Work with Managed Systems

Managed Systems Grid

A managed system is any system that is managed by Password Safe. All managed systems can be viewed on the Managed Systems page, by selecting the built-in smart group All Managed Systems from the Smart Group menu in the console.

Set the Account Name Format within the Managed Assets using Password Safe Action

You can set the user account format when adding the following platforms as a managed system:

  • Windows
  • Linux
  • Oracle
  • MS SQL Server
  • Active Directory

The following format types are supported:

  • Domain\Account name: Enter the domain and user account name
  • UPN: Uses the format xxx@DomainName
  • sAMAccountName: Uses the Active Directory sAMAccountName

Select an account name format in the Smart Rules Manager when adding a managed system using a Smart Rule.

When you add managed systems using an asset-based smart group, the Account Name Format setting is available when a supported platform is selected.

If the smart group already exists, you must remove the managed assets using Password Safe, then add the assets again before you see the Account Name Format setting.

Import an SSH Server Key Using a Smart Rule

You can import SSH Server keys from a host and accept the key on the Managed System Advance Details page.

Supported key types are RSA, DSA, and ECDSA.

  1. Navigate to the Configuration > General > Smart Rules page.
  2. Within the Smart Rule filter, select Asset, and then click Create New Smart Rule.
  3. Enter a name, description, and category.
  4. Create the filter settings.

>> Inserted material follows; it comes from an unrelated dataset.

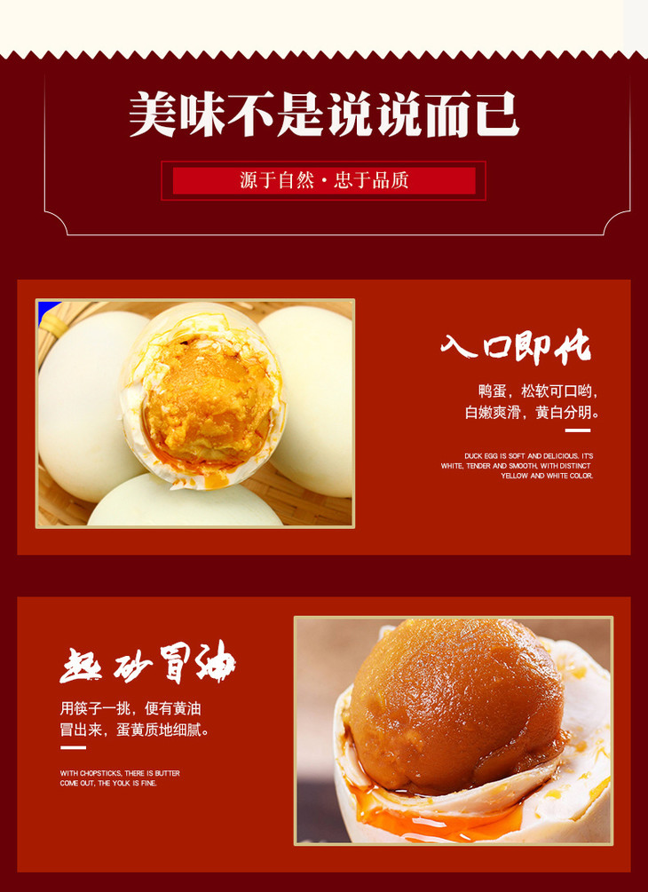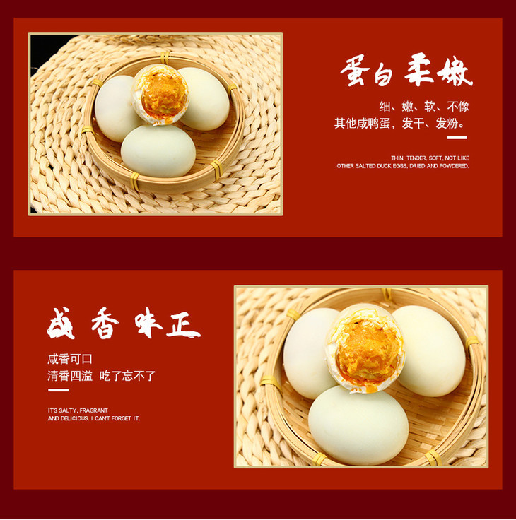 【温馨提示】鸭蛋不是工业制品,受鸭子进食多样性影响,鸭蛋蛋壳密度厚度都不一样,所以咸度会有差异,虽用盐量时间均一样但出来的咸度仍会有差异,如果咸度高了还请不要空口食用,谢谢理解。

For example, select an address group that includes the IP addresses for the hosts.
  5. In the Perform Actions section, select Manage Asset Using Password Safe.

Select the SSH server key enforcement mode when using a Smart Rule to import an SSH server key.

  1. Select a key enforcement mode: Auto Accept Initial Key or Manually Accept Keys.
  2. Click + to add another action, and then select Show Asset as Smart Group.
  3. Click Save.

The settings here are the same as when adding a system on the Create Managed Systems page. For more information, please see Add a Managed System Manually.

Manage the SSH Server Keys

After the Smart Rule processes, hosts with SSH server keys are populated in the smart group you created.

An email notification is sent to the Administrators user group when a key is imported and the Key Enforcement Mode is set to Manually Accepted Keys. The email notifies the administrators that a fingerprint requires action, what asset the key is on, and also provides details about the fingerprint.

The Fingerprint Verification email template can be modified on the Configuration page. For more information, please see Customize Mail Templates.

Accept or Deny a Key:

  1. In the BeyondInsight console, go to the Managed Systems page.
  2. Select the managed system from the grid, and then click the vertical ellipsis at the right end of the line.
  3. Select Go to advanced details....

Accept or deny an SSH Server Key.

  1. Select the Server Keys tab.
  2. Within the Server Keys table, select the server key you wish to work with.
  3. From the Server Keys action (vertical ellipsis):
    • If auto approved, no further action is required.
    • If manually approved, click Accept or Deny.
  4. After a key is accepted, from the Functional Accounts tab, click the Test Functional Account button to verify the key with the functional account.

Add a Key Manually:

  1. In the BeyondInsight console, go to the Managed Systems page.
  2. Select the managed system from the grid, and then click the vertical ellipsis at the right end of the line.
  3. Select Go to advanced details...
  4. Select the Server Keys tab.

    Add an SSH Server Key.

  5. From the Server Keys table, click the Create New Server Key button.
  6. Select a key type. Enter a Fingerprint and a Description.
  7. Click the Create Key button.
  8. After a key is added, from the Functional Accounts tab, click the Test Functional Account button to verify the key with the functional account.

The fingerprint must be unique. An error message is displayed if the key is already imported.

View the BeyondInsight Details of an Asset-Linked Managed System

You can view the asset details, such as hardware, ports, scheduled tasks, and smart groups associated with the asset.

  1. In the BeyondInsight console, go to the Assets page.
  2. Select an asset from the grid.
  3. Click the vertical ellipsis button for the asset.
  4. Select Go to advanced details...
  5. Click through the tabs to view more details on each topic.

View the Standalone Managed Systems Details

You can view the managed system details, such as its identifying details, attributes, and policies, as well as managed accounts, smart groups, linked accounts, server keys, functional accounts, and login accounts associated with the managed system.

  1. In the BeyondInsight console, go to the Managed Systems page.
  2. Select a managed system from the grid.
  3. Click the vertical ellipsis for the managed system.
  4. Select Go to advanced details....

Advanced Details page of a managed system

  1. All managed system details are displayed under Details & Attributes for quick access.
  2. To see more granular details, click through the tabs to view details on each topic.